Step 12: UpdateRecord — our enrichment step to add all the metadata in attributes to our actual JSON record. We add fields like timestamp, unique ID, request date and request ID.

Step 13: PublishKafkaRecord_2_6 1.23.1.2.1.6.0–323 — In lucky step 13, we send our new JSON record to our Cloudera Kafka topic, “awstextractresults”.

Step 14: RetryFlowFile — this executes if our publish kafka failed. This will let us try a few times and then fail somewhere else.
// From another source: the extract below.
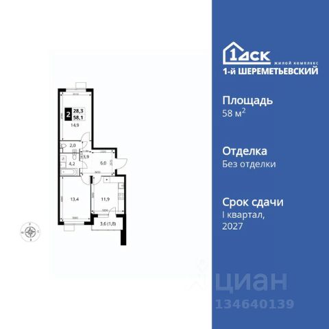 Прямая продажа от застройщика! Жилой Комплекс класса Комфорт Плюс. Продаётся 2-к квартира номер 406 общей площадью 49.5 кв.м. на 8-м этаже 17 этажного здания. Без отделки. Особенности квартиры: - Мастер-зона с гардеробной. Просторное место для отдыха и удобного хранения вещей. - Просторная спальня, в которой можно разместить большую кровать. - Линейная планировка - максимальная функциональность и удобство. - Раздельный санузел - больше удобства для всех членов семьи. - Евроформат - просторное и удобное жилье с отличной планировкой. - Можно оборудовать рабочее место - комфорт для работы и учёбы. - Кухня-гостиная - идеальное пространство для встреч с близкими. - Возможность добавить спальное место - дополнительный комфорт для гостей. - Гардеробная - удобство для хранения и организации вещей. - Ниша под шкаф - компактное и удобное место для вещей. - Лоджия - уютное место для отдыха и тишины. Информация о комплексе: ЖК 1-й Шереметьевский расположен в самом центре Подрезково, от него всего 6 минут пешком до одноименной станции ж/д и планируемой к открытию МЦД-3. В комплексе яркие и уютные, лобби, большая колясочная, лапомойка. Благодаря гостевому санузлу на 1 этаже прогулки станут по-настоящему долгими. Два лифта пассажирский и грузовой.Во всех корпусах 1-го Шереметьевского там устроены кладовые, а в корпусах 3-5 есть подземный паркинг. В ЖК 1-й Шереметьевский разнообразие площадей и планировок. Большие кухни-гостиные: в них два окна или больше. Во всех квартирах площадью от 40 кв.м. и выше спроектировано 2 санузла. Большие остекленные лоджии с отделкой. Система Умная квартира, реализованная в 1-м Шереметьевском. В каждой квартире установлены датчики протечек и запорные вентили с электроприводом, которые самостоятельно перекрывают воду в случае аварии. Мобильное приложение управляет группами электропотребителей: даже если вы забыли утюг включенным, можно обесточить его дистанционно. Транспортная доступность: - Общественный транспорт: До ближайших станций метро Планерной и Войковской около 40-50 минут на автобусе. 6 минут до ЖД станции Подрезково (МЦД-3) - Личный автотранспорт: Удобный выезд на Ленинградское шоссе позволяет быстро добираться до МКАДа и в центр Москвы, до платной трассы М11 и в аэропорт Шереметьево. 3 минуты до Ленинградского ш. 10 минут до платной трассы М11 15 минут до МКАД 20 минут до ст. м Войковская 25 минут до ст. м Планерная Внутренняя инфраструктура: 1-й Шереметьевский не только сокращает время, которое вы будете проводить в дороге. Но и предпринимает многое, чтобы вы меньше ездили и чаще ходили. На первых этажах корпусов разместятся фрешмаркеты и пункты выдачи маркетплейсов, салоны красоты и химчистки, кофейни и пекарни всё, что необходимо изо дня в день, но не заслуживает отдельной поездки на машине или такси. В квартале будут построены собственные школа и детский сад. Школа рассчитана на 1100 учеников. В ней будут 25-метровый бассейн и просторный атриум, мед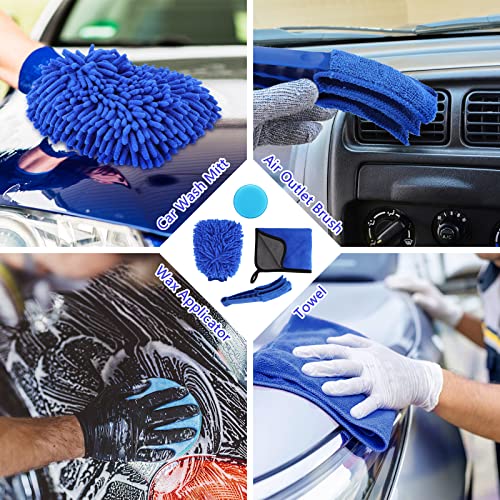 Kit di pulizia per auto da 15 pezzi con borsa di stoccaggio Kit di pulizia per auto che include panno in microfibra, guanto di lavaggio, spazzole per dettagli, spolverino a doppia testa, spugna

Often on failure, we can send the records to S3.

For some ideas on enhancements, you can send various records to AWS S3 via PutS3Object, JSON records to an Apache Iceberg Open Data Lakehouse via PutIceberg or to various other data stores including DynamoDB, Kinesis, SNS, Lambda, SQS, sFTP, Salesforce, Snowflake, Splunk, Apache HBase, Apache Kudu, Apache Hive, Apache Solr, Slack, Discord or Apache Ozone.

Lineage

Output

[ {
"blockType" : "WORD",
"confidence" : 99.926735,
"text" : "the",
"textType" : "PRINTED",
"rowIndex" : null,
"columnIndex" : null,
"rowSpan" : null,
"columnSpan" : null,
"geometry" : {
"boundingBox" : {
"width" : 0.016876873,
"height" : 0.017086018,
"left" : 0.7919099,
"top" : 0.47273117
},
"polygon" : [ {
"x" : 0.7921849,
"y" : 0.47273117
}, {
"x" : 0.80878675,
"y" : 0.47386703
}, {
"x" : 0.8084805,
"y" : 0.4898172
}, {
"x" : 0.7919099,
"y" : 0.4886628
} ]
},
"id" : "c986bae5–69a5–43d3-bb0e-2371fa818c13",
"relationships" : null,
"entityTypes" : null,
"selectionStatus" : null,
"page" : 1,
"query" : null,
"s3url" : "analysis/a057e5a71c7ef2acce9392f690287905a63b584efa8897034875493c825f6f9b/1",
"jobstatus" : "SUCCEEDED",
"s3etag" : "0e0c8a6099497a130c778b1d195c3611",
"s3bucket" : "tspann",
"awstaskid" : "a057e5a71c7ef2acce9392f690287905a63b584efa8897034875493c825f6f9b",
"ts" : "1695823847357",
"filename" : "ingest.jpg",
"uuid" : "a5af820d-a1a0–424c-8085-d64845e99da8",
"s3key" : "ingest.jpg",
"awsrequestid" : "$.awsrequestid",
"pages" : "1",
"awsrequestdate" : "Wed, 27 Sep 2023 14:10:46 GMT"
} ]

Text Extract JSON Result (1 of many records)

{"blockType":"WORD","confidence":99.89907,"text":"their","textType":"PRINTED","rowIndex":null,"columnIndex":null,"rowSpan":null,"columnSpan":null,"geometry":{"boundingBox":{"width":0.023984551,"height":0.01710292,"left":0.86240387,"top":0.70826226},"polygon":[{"x":0.86279845,"y":0.70826226},{"x":0.8863884,"y":0.7102997},{"x":0.8859504,"y":0.7253652},{"x":0.86240387,"y":0.723304}]},"id":"0a3717fb-8d7f-43fa-9c31–6c36de042f29","relationships":null,"entityTypes":null,"selectionStatus":null,"page":1,"query":null,"s3url":"analysis/a057e5a71c7ef2acce9392f690287905a63b584efa8897034875493c825f6f9b/1","jobstatus":"SUCCEEDED","s3etag":"0e0c8a6099497a130c778b1d195c3611","s3bucket":"tspann","awstaskid":"a057e5a71c7ef2acce9392f690287905a63b584efa8897034875493c825f6f9b","ts":"1695823847365","filename":"ingest.jpg","uuid":"df63d855-dda2–4c43–8a60-b0fd1a4daec7","s3key":"ingest.jpg","awsrequestid":"$.awsrequestid","pages":"1","awsrequestdate":"Wed, 27 Sep 2023 14:10:46 GMT"}

Apache Kafka Records in Cloudera Streams Messaging Manager (SMM)

Conclusion

By combining Apache NiFi’s data integration capabilities with Amazon Textract service, you can create powerful machine learning pipelines that analyze text documents and provide you results.